Those looking to give a four-legged, furry friend a loving home might have to wait as the Animal Humane Society in St. Paul is reporting a case of canine flu, causing adoptions to be put on hold for the time being.
A dog adopted this past Sunday, June 14, from the St. Paul Animal Humane Society, a Shar-Pei mix, seemed to be fine initially, but started showing symptoms of canine flu soon after getting to his new home.
The test results from the pup’s blood test and nasal swap came back positive for the H3N2 flu. Janelle Dixon, president and CEO of the local Animal Humane Society, gave a statement saying that it’s the first case of canine flu to ever be reported in the Twin Cities metro area.
The ill dog, a male that the shelter staff called Toga while the animal was under their care, has fully recovered at is currently living at his new home with his adoptive family.
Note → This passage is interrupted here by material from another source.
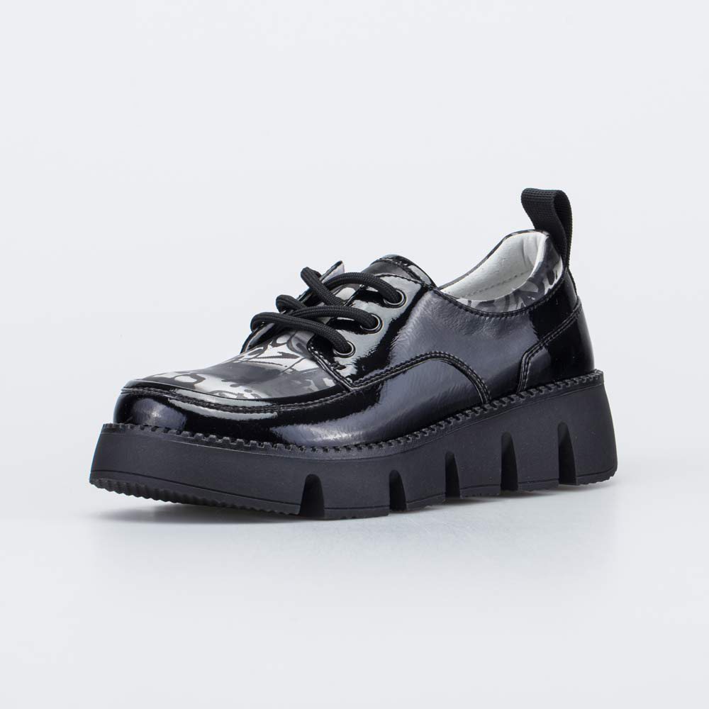 Полуботинки на массивной подошве подходят для девочки подросткового возраста и отлично сочетаются как со школьной формой, так и с повседневными образами.

But veterinarians are watching the development of the situation closely, as the CEO went on to add that soon after Toga, a second dog was diagnosed with pneumonia and is currently undergoing treatment and being tested for canine flu.
In an attempt to keep the flu from spreading, the Animal Humane Society has isolated each of the dogs at the St. Paul animal shelter with kennel cough or other symptoms in order to test them for canine flu and assess how wide spread the epidemic is, or see if the previous sick dogs were just two isolated cases.
The nonprofit organization has also sent letters to people who have adopted a new best friend sometime in the past 30 days, asking them to take the animal to a veterinarian, just to make to sure that they don’t need any antibiotics. Some of the symptoms affected pups will show include deep coughs, nasal discharge or even a fever.
Canine flu has been getting around lately as five (5) more dogs were reported sick earlier this year, in May, at a training and rescue facility in Detroit Lakes, in Minnesota. All of them recovered fully.
While canine flu isn’t a fatal or severe condition, it does affect a dog’s mood and can lead to pneumonia if left untreated.
The Animal Humane Society in St. Paul has put adoptions on hold until they can confirm that no other animal has been infected.